◆ DATA ◆

════════════════════

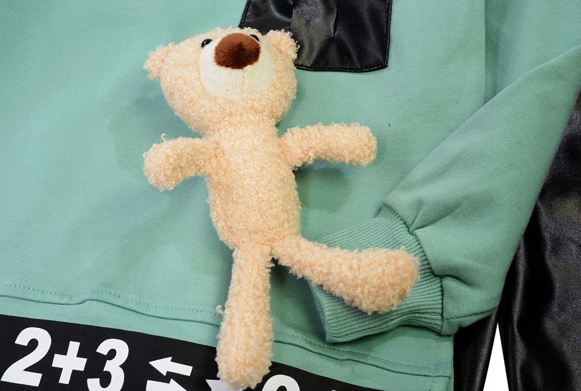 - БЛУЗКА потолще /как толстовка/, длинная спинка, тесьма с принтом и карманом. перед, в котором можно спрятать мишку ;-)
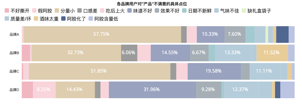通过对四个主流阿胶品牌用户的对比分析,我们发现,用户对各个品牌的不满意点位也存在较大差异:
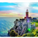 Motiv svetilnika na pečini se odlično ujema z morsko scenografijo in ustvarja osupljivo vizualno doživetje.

════════════════════

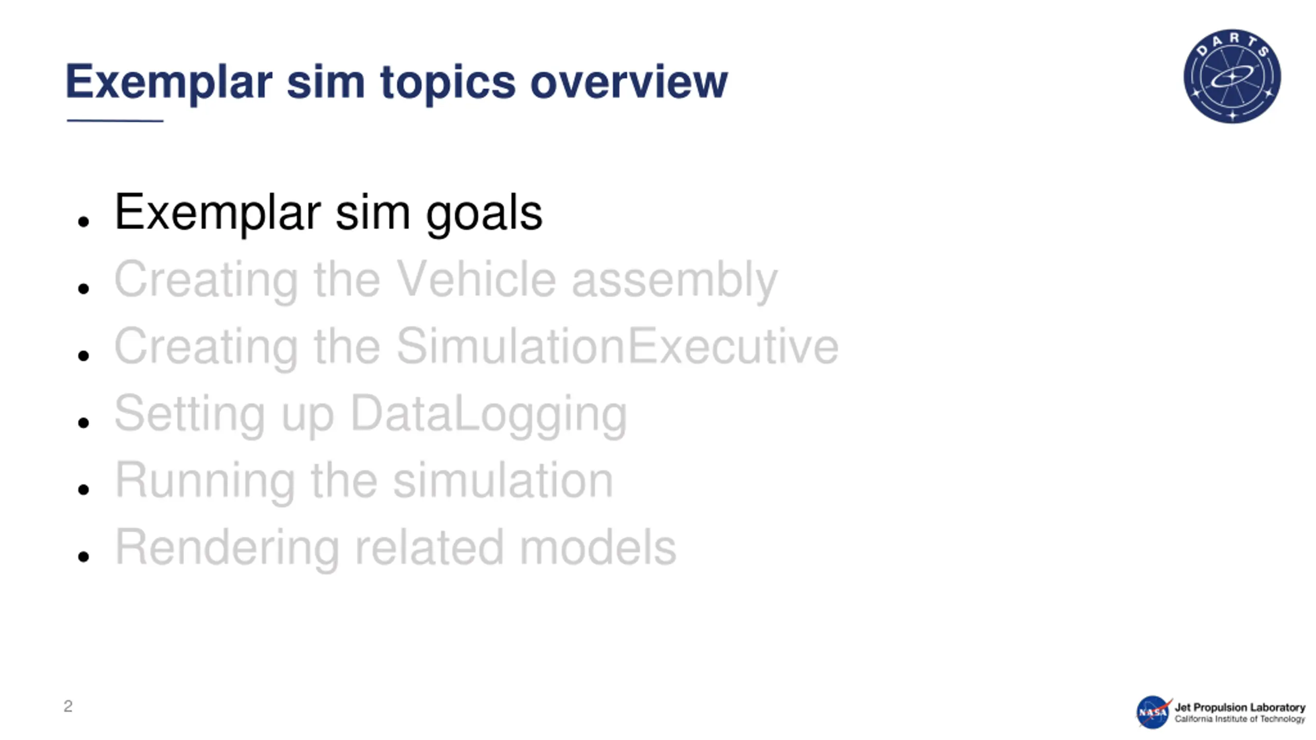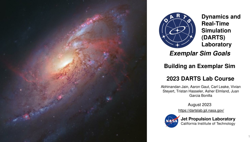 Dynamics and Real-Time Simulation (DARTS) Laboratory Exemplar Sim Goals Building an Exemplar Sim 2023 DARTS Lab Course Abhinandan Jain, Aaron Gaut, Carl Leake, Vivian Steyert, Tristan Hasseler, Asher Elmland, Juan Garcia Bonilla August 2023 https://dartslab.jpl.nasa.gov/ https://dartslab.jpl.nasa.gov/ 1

════════════════════

◆ TASK OBJECTIVE ◆
Leaving every picture aside, reproduce exactly the lines above from the one with "- БЛУЗКА потолще" up to and including the one with "Motiv svetilnika na", and no others.

◆ PROBLEM SOLUTION ◆
 - БЛУЗКА потолще /как толстовка/, длинная спинка, тесьма с принтом и карманом. перед, в котором можно спрятать мишку ;-)
通过对四个主流阿胶品牌用户的对比分析,我们发现,用户对各个品牌的不满意点位也存在较大差异:
 Motiv svetilnika na pečini se odlično ujema z morsko scenografijo in ustvarja osupljivo vizualno doživetje.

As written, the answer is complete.